AMMAN, Jordan – Al-Qaida claimed that a squad of four Iraqi suicide bombers, including a husband and wife, carried out the Amman attacks with explosive belts after carefully staking out the hotels for a month. Jordan interrogated 12 suspects Friday who may have helped them.
The terror group’s Iraqi branch issued its third Internet statement since Wednesday’s nearly simultaneous attacks, saying the four Iraqis had the Radisson SAS, Grand Hyatt and Days Inn hotels under surveillance “to achieve greater accuracy in hitting the target.”
It was believed to be the first time a married couple had carried out a suicide attack. The couple bombed the Days Inn after the woman “chose to accompany her husband to his martyrdom,” the statement said.
Jordanian officials have found the remains of three males believed to be the attackers, but could not confirm that a woman had been involved. Police were scouring footage from hotel security cameras, and forensic experts were analyzing the severed head of a woman discovered at one hotel.
The Days Inn explosion happened outside the hotel after the bombers’ car was unable to cross a protective barrier. As a result, the casualties at the Days Inn were not as extensive as at the Hyatt and Radisson.
In its latest statement, al-Qaida said the bombings were carried out in response to “the conspiracy against the Sunnis,” referring to the Muslim Arab group favored under Saddam Hussein’s regime and now believed to form the core of the Iraqi insurgency.
Authorities have not said with certainty that Iraqis were involved, only that one of the bombers had an Iraqi accent.
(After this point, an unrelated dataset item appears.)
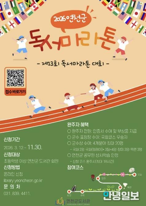 안녕일보 배윤 기자 | 연천군 도서관은 지난 12일부터 11월 30일까지 ‘제13회 독서마라톤대회’를 운영한다. 이번 대회는 책을 통한 군민 간 소통과 공감, 독서 문화 확산을 목적으로 한다.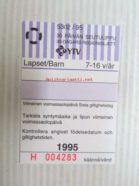 Helsinki / Liikennelaitos / HKL - HST / YTV - 1995 30 päivän seutulippu Lapset nr 004283 -matkalippu

But there have been indications – including a letter this year from Osama bin Laden’s top deputy – that al-Qaida in Iraq leader Abu Musab al-Zarqawi wants to extend his group’s influence beyond Iraq.
From the capital, Amman, to the northeastern industrial town of Zarqa, the birthplace of al-Zarqawi, thousands of Jordanians vented their fury for the second straight day and called for the terror group leader’s death.
“Al-Zarqawi is rejected by everybody in Zarqa, even by his family members,” said Mohammed al-Sharaa, a neighbor of the al-Qaida in Iraq leader’s clan in Zarqa.
Many of the 400,000 Iraqis living in Jordan joined the protests and called for punishing anyone involved in the attacks.
Police have detained more than 120 people, including Iraqis and Jordanians, in the manhunt for anyone who might have helped the bombers. Among those in custody were 12 people, including Jordanians, regarded by investigators as suspects, Deputy Prime Minister Marwan Muasher said.
Al-Zarqawi, who has been sentenced to death in absentia in Jordan for terror crimes, is believed to have trained more than 100 Iraqi militants to carry out suicide bombings in Iraq and possibly elsewhere in the Middle East.
“There is tremendous outrage by the Jordanian public that these people have targeted just innocent people,” King Abdullah II told CNN. “And I can tell you that we Jordanians, we get mad and we get even, and these people will be brought to justice.”